GOAL OF THE EXERCISE
Each line of the material below is to be written out exactly. Leave out any picture.

DATASET CONTENT
/---
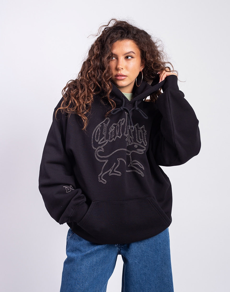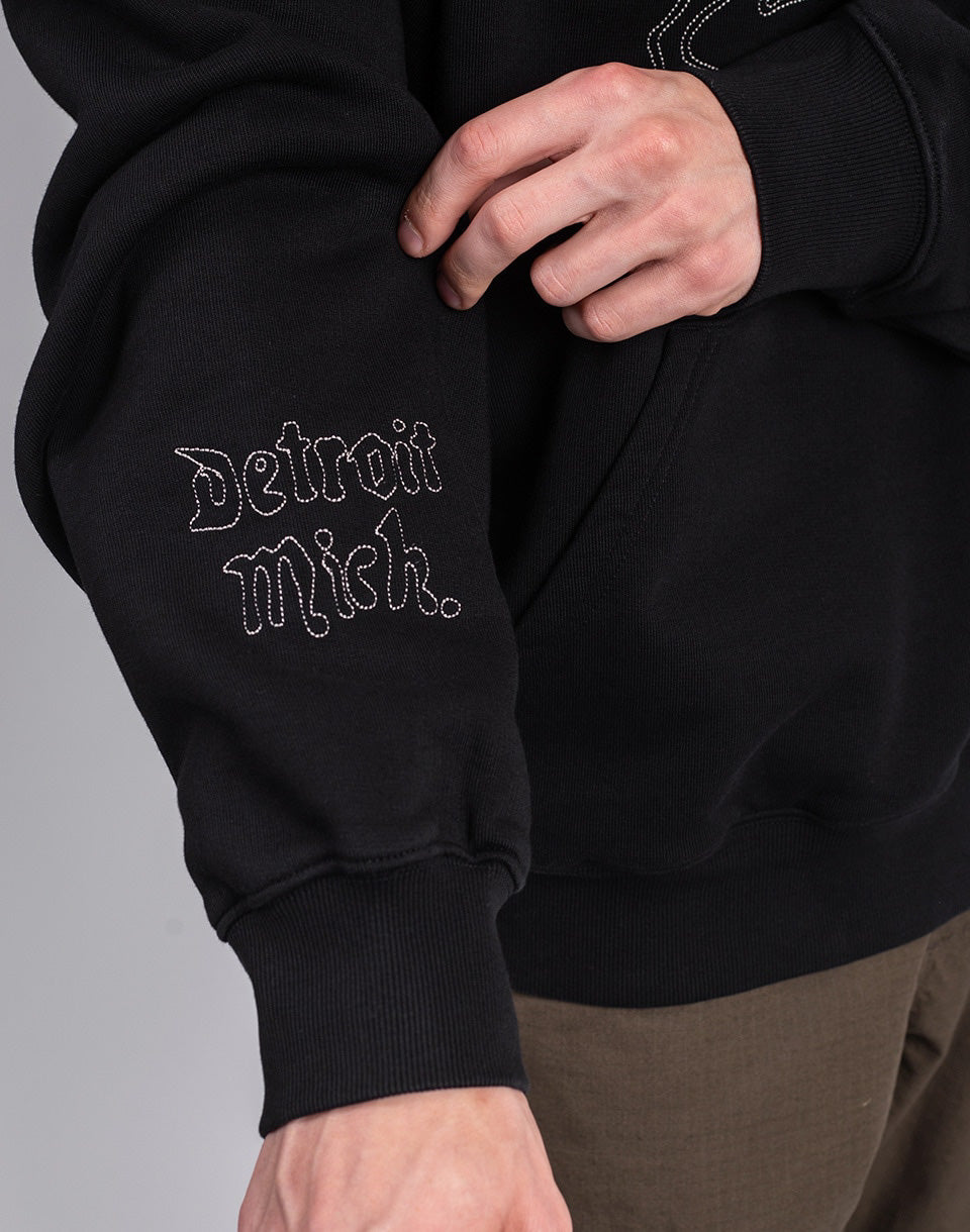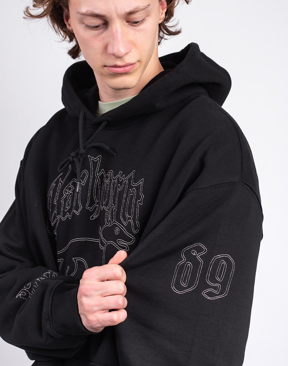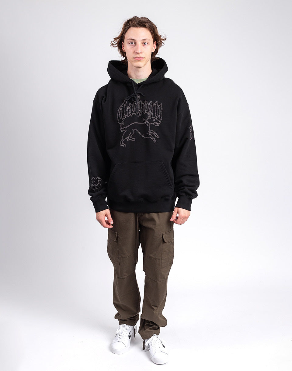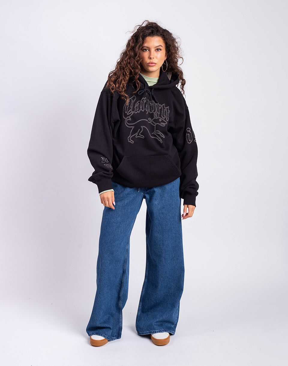 Carhartt WIP Hooded Hackwork Sweat - wide unisex hoodie with kangaroo pocket and large graphic embroidery on the chest and sleeves, backed by the famous streetwear brand.
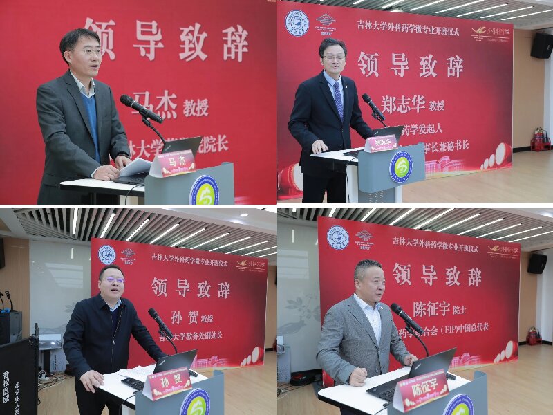 2024年11月9日,吉林大學(xué)外科藥學(xué)微專業(yè)開班儀式在吉林大學(xué)藥學(xué)院隆重舉行。國際藥學(xué)聯(lián)合會中國總代表陳征宇院士、外科藥學(xué)發(fā)起人廣東省藥學(xué)會副理事長兼秘書長鄭志華教授、中國醫(yī)學(xué)論壇報社王思恒主編、吉林大學(xué)教務(wù)處孫賀副處長、吉林大學(xué)藥學(xué)院馬杰院長、曲淵立書記、徐華麗副院長、外科藥學(xué)微專業(yè)負(fù)責(zé)人吉林大學(xué)第一醫(yī)院宋燕青主任、外科藥學(xué)微專業(yè)授課教師團隊以及首屆外科藥學(xué)微專業(yè)的 31 名學(xué)員共同出席了開班儀式。
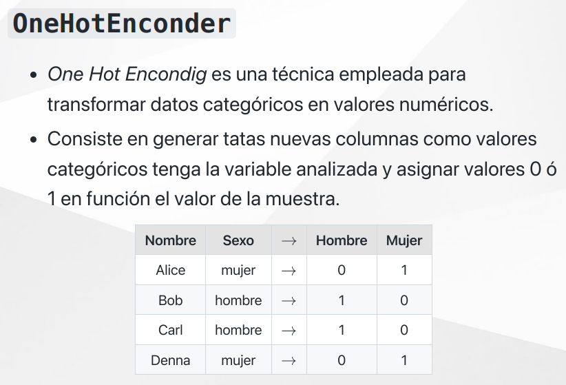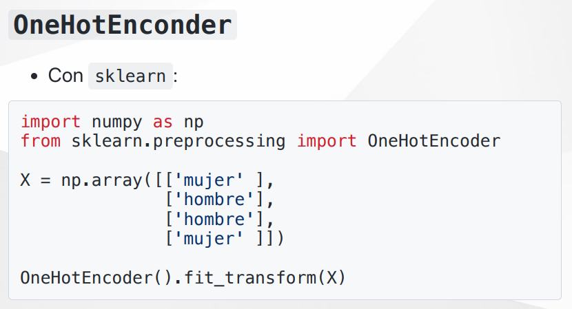 Recuerda que el OneHotEncoder solo funciona con datos categóricos. Si tienes características numéricas continuas, puedes necesitar utilizar otras técnicas de codificación o escalado antes de aplicar el OneHotEncoder.
\---
ANSWER FOR THIS EXERCISE
 Carhartt WIP Hooded Hackwork Sweat - wide unisex hoodie with kangaroo pocket and large graphic embroidery on the chest and sleeves, backed by the famous streetwear brand.
 2024年11月9日,吉林大學(xué)外科藥學(xué)微專業(yè)開班儀式在吉林大學(xué)藥學(xué)院隆重舉行。國際藥學(xué)聯(lián)合會中國總代表陳征宇院士、外科藥學(xué)發(fā)起人廣東省藥學(xué)會副理事長兼秘書長鄭志華教授、中國醫(yī)學(xué)論壇報社王思恒主編、吉林大學(xué)教務(wù)處孫賀副處長、吉林大學(xué)藥學(xué)院馬杰院長、曲淵立書記、徐華麗副院長、外科藥學(xué)微專業(yè)負(fù)責(zé)人吉林大學(xué)第一醫(yī)院宋燕青主任、外科藥學(xué)微專業(yè)授課教師團隊以及首屆外科藥學(xué)微專業(yè)的 31 名學(xué)員共同出席了開班儀式。
 Recuerda que el OneHotEncoder solo funciona con datos categóricos. Si tienes características numéricas continuas, puedes necesitar utilizar otras técnicas de codificación o escalado antes de aplicar el OneHotEncoder.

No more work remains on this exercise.